GROUP BY Condition #
The GROUP BY clause allows you to group rows according to one or more criteria. GROUP BY is often used with aggregate functions. GROUP BY always comes after WHERE if applied:
SELECT
s.label,
AVG(e.note) AS Average
FROM subject s
JOIN evaluation e ON s.id = e.subject_id
JOIN student su ON e.student_id = su.id
JOIN promo p ON su.promo_id = p.id
WHERE p.id = 1
GROUP BY s.id;
GROUP BY is used to group rows by subject.
Without GROUP BY, AVG(e.note) would calculate the average of all grades in the promo, all subjects combined.
HAVING Condition #
HAVING allows you to filter data after grouping.
Example:
SELECT
s.label, p.label AS Promo, AVG(e.note) AS average_by_promo
FROM subject s
JOIN evaluation e ON s.id = e.subject_id
JOIN student su ON e.student_id = su.id
JOIN promo p ON su.promo_id = p.id
GROUP BY p.id, s.id
HAVING average_by_promo > 12;
HAVING average_by_promo > 12 only keeps groups with an average greater than 12.
ORDER BY Condition #
ORDER BY allows you to:
- Sort the final result according to one or more columns.
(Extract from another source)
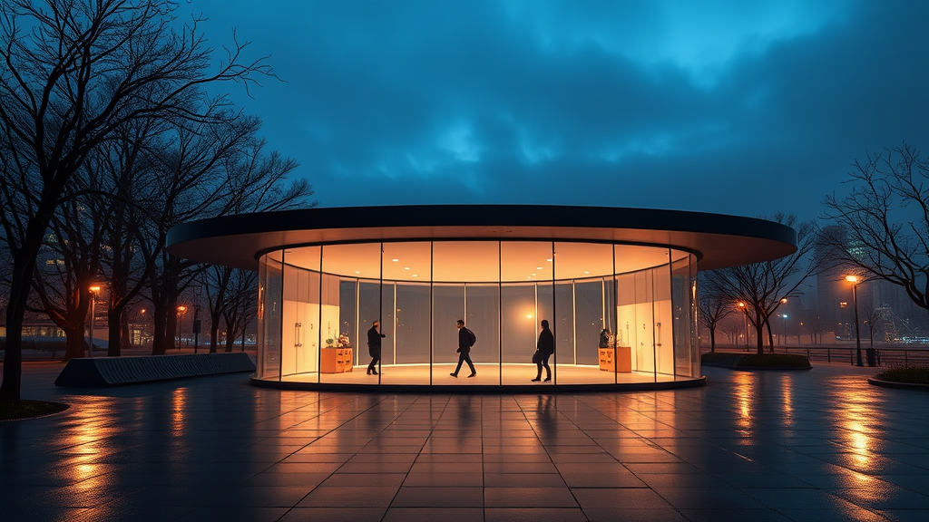 Capture a minimalist architectural marvel, a contemporary pavilion with an elegant symmetrical curved design, offering a breathtaking panoramic view. Imagine this scene captured through architectural photography at night, using a Canon EOS R5 with a setting of f/2.8, enhanced by a long exposure on a tripod. Picture a pavilion with illuminated curved glass, its translucent walls formed by seamless panels, all supported by a matte black steel roof. Set in a tranquil urban park, the environment is accented by bare winter trees and a wet, reflective pavement. Envision a twilight atmosphere filled with a misty, dramatic ambiance, and the warmth of interior lighting mingling with ambient city lights. See the condensation clinging to glass surfaces, silhouetted figures moving within, all rendered in ultra-realistic detail. This architectural visualization captures rich details and embodies a contemporary aesthetic.

- Sort in ascending order (by default) or descending order (DESC).
Example:
ORDER BY s.lastname, s.birthdate DESC;
The sort clause allows you to sort by multiple columns (present or not in the projection). The first column will be the first order, the following ones will be dependent on the immediately preceding order.
The rows are sorted first by name, then, the first two are sorted by date of birth.
This is optimizable via indexes. You can also define the collation, the way you want to sort. Example: Managing the distinction between e, é and è.
Joins #
Inner Join #
Joins allow you to link multiple data sets according to their primary keys and foreign keys.
The old syntax defines with the Cartesian product and a WHERE condition as follows:
SELECT s.lastname, s.firstname, p.label
FROM student s, promo p
WHERE s.promo_id = p.id; -- Reference the foreign key of student to the primary key of promo
Problem: It will go through hundreds of promos and students and apply the WHERE… First Cartesian product then elimination of lines with WHERE.
The new syntax allows you to define joins with the following syntax:
SELECT s.lastname, s.firstname, p.label
FROM promo p JOIN student s ON p.id = s.promo_id; -- Equivalent INNER JOIN, internal join.
JOIN only returns matches between the two tables.
JOIN corresponds to INNER JOIN by default.
Concrete example:
-- List the grades obtained and the subjects
SELECT
e.note, s.label
FROM
subject s JOIN evaluation e ON s.id = e.subject_id; -- Reference the primary key of subject to the foreign key of evaluation
With only the “SQL” subject:
-- List the grades obtained associated with the "SQL" subject
SELECT
e.note, s.label
FROM
subject s JOIN evaluation e ON s.id = e.subject_id -- Reference the primary key of subject to the foreign key of evaluation
WHERE
s.label = 'SQL'; -- Restrict to the "SQL" subject
It is also possible to create multiple joins:
-- List the grades obtained associated with the "SQL" subject
SELECT
su.lastname, e.note, s.label
FROM
subject s
JOIN evaluation e ON s.id = e.subject_id -- Reference the primary key of subject to the foreign key of evaluation
JOIN student su ON e.student_id = su.id -- Join the previous set (result of a query) to student by referencing the foreign key of evaluation to the primary key of student
WHERE
s.label = 'SQL'; -- Restrict to the "SQL" subject
It is advised to always start with the table / set that has the fewest rows.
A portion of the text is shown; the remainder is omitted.